Voters! Candidates! Please consider the following information on Canadian publishing for the October 19 Federal election.

All About Canada’s publishing industry…

There are over 250 independent Canadian-owned publishers, which produce over 10,000 new titles each year. Nationally, these Canadian publishers provide 9,000 jobs and generate $2 billion in revenue annually. Manitoba’s publishers are an essential element of the larger Canadian publishing community. In Manitoba, independent publishing represents a $4 million locally owned and operated industry. Each year, Manitoba publishers produce 100-120 titles in English, French, and several Aboriginal languages.

In addition to being an important part of our economy, culture — and book publishing in particular — plays an important role in enhancing life in our country and our provinces. Canadian publishers produce approximately 80 percent of the new books by Canadian authors each year. Without Canadian book publishers, the majority of the stories unique to our country and our people would never be recorded or disseminated. Our cultural contributions are essential to a strong country; we preserve history as it happens.

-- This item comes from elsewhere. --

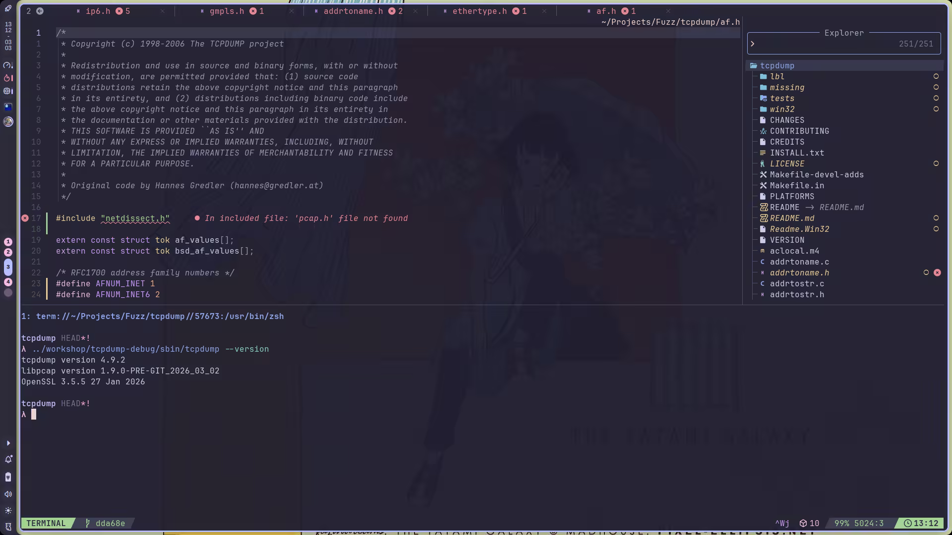 AFL_USE_ASAN=1 CC=afl-clang-lto CXX=afl-clang-lto++ ./configure --enable-shared=no --prefix="$(realpath ../workshop/libpcap-fuzz)"AFL_USE_ASAN=1 make -j`nproc` && AFL_USE_ASAN=1 make install编译完 libpcap 后开开心心去编译 tcpdump,本以为会很顺遂,然后一 make:

Although publishers are businesses, they are about much more than dollars and cents. And when government invests in culture, it is investing in both our economy and our communities. Government investment in publishing also has a significant return: the federal Heritage investment of $30 million in grants helps generate $413 million in sales. In Manitoba, the government investment is returned dollar for dollar.

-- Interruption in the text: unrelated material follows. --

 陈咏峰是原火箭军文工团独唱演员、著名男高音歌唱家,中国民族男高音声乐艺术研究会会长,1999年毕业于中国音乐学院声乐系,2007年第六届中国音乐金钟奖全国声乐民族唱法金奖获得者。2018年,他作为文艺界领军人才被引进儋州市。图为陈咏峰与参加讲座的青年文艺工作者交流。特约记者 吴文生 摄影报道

Our publishers and writers experience many successes in the creation and dissemination of Canadian literature, with many of our books and authors receiving well-deserved international recognition. However, our industry also faces challenges. We hope that you will take some time to familiarize yourself with some of the policy issues of primary concern to Canadian and Manitoban publishers, including:

  • An immediate review of the Copyright Modernization Act to clarify fair dealing provisions. Educators at both the K-12 and post-secondary levels have broadly interpreted the Act’s fair dealing provisions, and have stopped making payment for copyright-protected work. Substantial damage has already been done to independent publishing. Litigation is unnecessarily costly and waiting for the planned review of the Act in 2017 may be too late. Support of copyright is necessary and allows writers and publishers to continue to produce relevant Canadian books for our curricula.
  • Continued and increased funding for Canadian arts and culture, and stable, reliable funding for the book publishing industry in Canada through the Department of Canadian Heritage’s Canada Book Fund and the Canada Council for the Arts. Despite the increase in the number of firms accessing its resources, the DCH’s last funding increase was over 15 years ago. Recently, it was announced that effective April 1, 2016, DCH’s support for travel for professional development programming will no longer be available through the Canada Book Fund’s Support for Organizations program. Canadian publishers, especially those outside of major centres like Toronto, will be less able to participate in professional training opportunities that have made Canada a leader in eBook development, book export, digital sales and more. We hope that funding to this program will be reinstated.
  • Fostering Canadian ownership in the book industry by implementing recommendations from the Revised Foreign Investment Policy in Publishing and Distribution, including meaningful assessments of “net benefit to Canada.” This supports regional and local publishers, first-time authors and Canadian literature.

For more information about Manitoba publishers please see Telling Our Stories: A Report on the Success of Manitoba Book Publishers

For the Association of Canadian Publishers’ Statement of Principles on Fair Dealing please visit.

A strong Canadian publishing industry ensures our country’s citizenry the right to express itself, preserve its history, and pass down its stories to future generations.